Friday, August 23, 2019

Apple & Innovation

Apple is led by a visionary cross-functional management team, especially in the years that Founder and CEO Steve Jobs was at the helm.  Jobs identified world-changing talent and put together a brain-trust with people like Johnny Ives and Tim Cook, and it was this small coterie of individuals who could bring technological marvels to market in quick order.  Jobs’ innate ability to know what customers wanted before they even realized it was the engine that drove Apple’s innovation.

When you think about the “Make or Buy” decision, Apple certainly made some acquisitions over the years - notably Beats by Dre - but organic growth in its own laboratories was what accounted for the majority of its product creations.  Even while creating entirely new product lines, the company also benefited from incremental innovation.  From software updates, to tweaks to original product designs, Apple has always looked to deliver revolutionary and evolutionary change.  

Apple has also not been shy about disrupting its own technologies, such as creating an iPad which could be a competitor to the iPhone or Mac computer.  Also, think about the initial uproar after they removed the headphone jack from iPhones.  The company took its lumps in the media and from customer reviews, but it believed this was the decision to future-proof the product.  Eventually, the AirPods - a proprietary wireless version of the company’s wired earbuds - were released and took over the market; people stopped even thinking about wired headphones.  

It has not all been success for Apple.  The company moves nimbly and releases what it thinks will be great products.  Alas, sometimes they are faulty ideas or products that the market does not identify with.  Misses have included Ping, the company’s attempt at a music social media site; the release to all iPhones of a U2 album; “bendgate”, where newer, thinner phones would literally bend from pocket pressure; antenna gate, where calls would drop from certain hand placements on the phone; and, most recently, “AirPower”, which was to be the wireless charging station to rule them all.

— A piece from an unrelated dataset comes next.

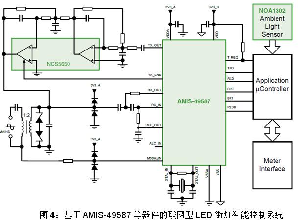 設(shè)計人員可以采用安森美半導(dǎo)體的AMIS-49587電力線載波(PLC)調(diào)制解調(diào)器、PLC線路驅(qū)動器NCS5650和諸如NOA1302這樣的環(huán)境光傳感器,基于電力線輕易地構(gòu)建聯(lián)網(wǎng)型LED街燈智能控制系統(tǒng)(參見圖4)。其中,安森美半導(dǎo)體的環(huán)境光傳感器包含的輸出類型,如NOA1302和NOA1305提供的是數(shù)字輸出,而NOA1211為模擬輸出。這些光傳感器的工作電流極低,在100流明光輸出條件下分別僅為58 μA、550 μA和115 μA,因而對系統(tǒng)能效的影響極小。

There are very few Apples, but there are companies that come close and a few that are near-equals.  Google comes to mind.  Google started as a search engine that could index and organize the chaotic internet of the time.  It expanded to the innovative Google AdWords (advertising), Gmail (e-mail), Chrome (web browser), and more.  It has made smart acquisitions, most notably of YouTube in 2006.  The company is always innovating and often prefers to release products that are not necessarily “finished,” but that are good enough to hit the market.  It then takes in customer feedback and iterates the product into the best possible version.